Also it is important to understand what you object must to do, if it will be immutable object - constructor can have little bit another view...
Also it's important to follow SOLID and appropriate design pattern...
This question already has answers here:
Closed 11 years ago.
Possible Duplicate:
Who needs singletons?
i was wondering, what are the drawbacks using Singletons in php scripts. I use them alot and i sometimes can't understand criticism of developers. Some examples:
I have a Request class:
Sanitizing POST, GET, COOKIE inputdata and using it instead of the global arrays - strictly and globally. Like
$request = Request::getInstance();
$firstname = $request->post('firstname', $additionalFilters);
There is always only ONE request per request. Why is using singleton in this case a bad idea?
Same for $_SESSION:
I have a Session class (Singleton) which does represent the $_SESSION array because there is only one session and i use it globally.
Database
$mysql = DB::getInstance('mysql', 'dbname'); //pseudo
$sqlite = DB::getInstance('sqlite', 'dbname'); //pseudo
For each type of database, i want only ONE object and never MORE. In my opinion there is otherwise a risk of chaos.
Unique rows
Also i often use classes to represent/use a unique row of a db table.
$article = Article::getInstance($id);
$navigation = Navigation::getInstance($id);
I see only benefits doing it this way. I never want a second object representing a unique row. Why is singleton such a bad idea here?
In fact, most (nearly all) my classes don't have a public constructor but always a static method like getInstance($id) or create() so the class itself handles the possible instances (which doesn't mean they are all singletons by definition)

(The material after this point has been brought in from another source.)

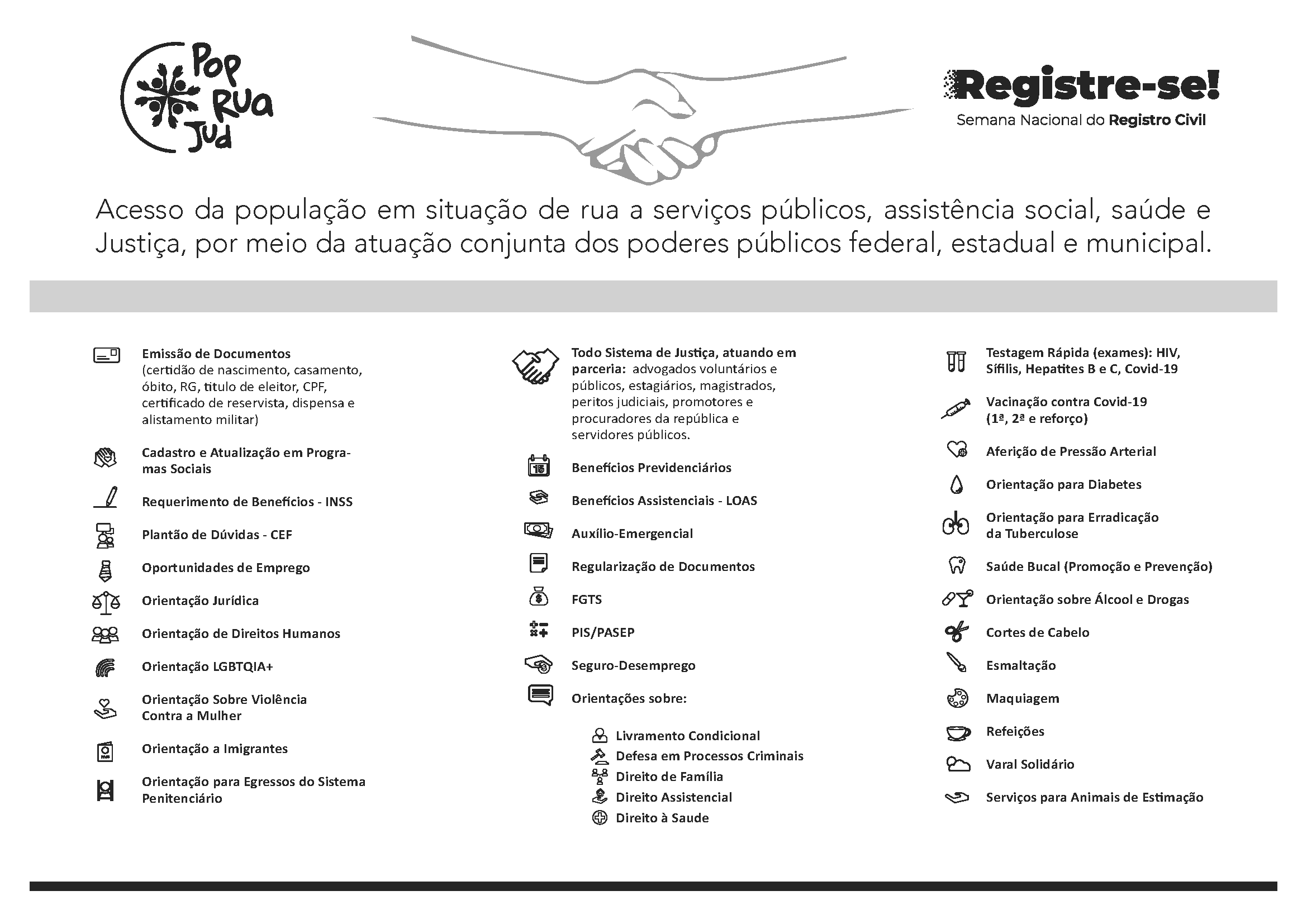 Os programas têm a finalidade de garantir à população em situação de rua e em vulnerabilidade acesso à justiça, serviços públicos de documentação, assistência social e saúde, por meio da atuação conjunta de mais de 30 instituições públicas e organizações da sociedade civil.

So my question is: Are there any drawbacks i didn't realize yet. And which concrete scenario's the singleton-doubters thinking of when advise against Singletons.
Edit:
Now, you got a singleton that wraps around the $_POST, but what if you
don't have $_POST, but want to use a file for input instead? In that
case, it would be more convenient if you have an abstract input class,
and instantiate a POSTInput to manage input through posted data.
Ok, valid advantages. I didn't realized that. Especially the point regarding the Request class.
Still i have doubts whether that approach. Assume i have a "Functionality" class which executes a concrete request (like a guestbook component).
Within that class i want to get a sent parameter. So i get my singleton instance of Request
$req = Request::getInstance();
$message = $req->post('message');
This way, only my functionality object cares about a Request class.
When i use the non-singleton approach, i need somehow an additional class/function to manage that every request gets a valid request object. That way my Functionality class doesn't need to know about that managing class but in my opinion there still arises a dependence/problem: Everytime i create an instace of an Functionality object there is a chance that i forget to set a request object.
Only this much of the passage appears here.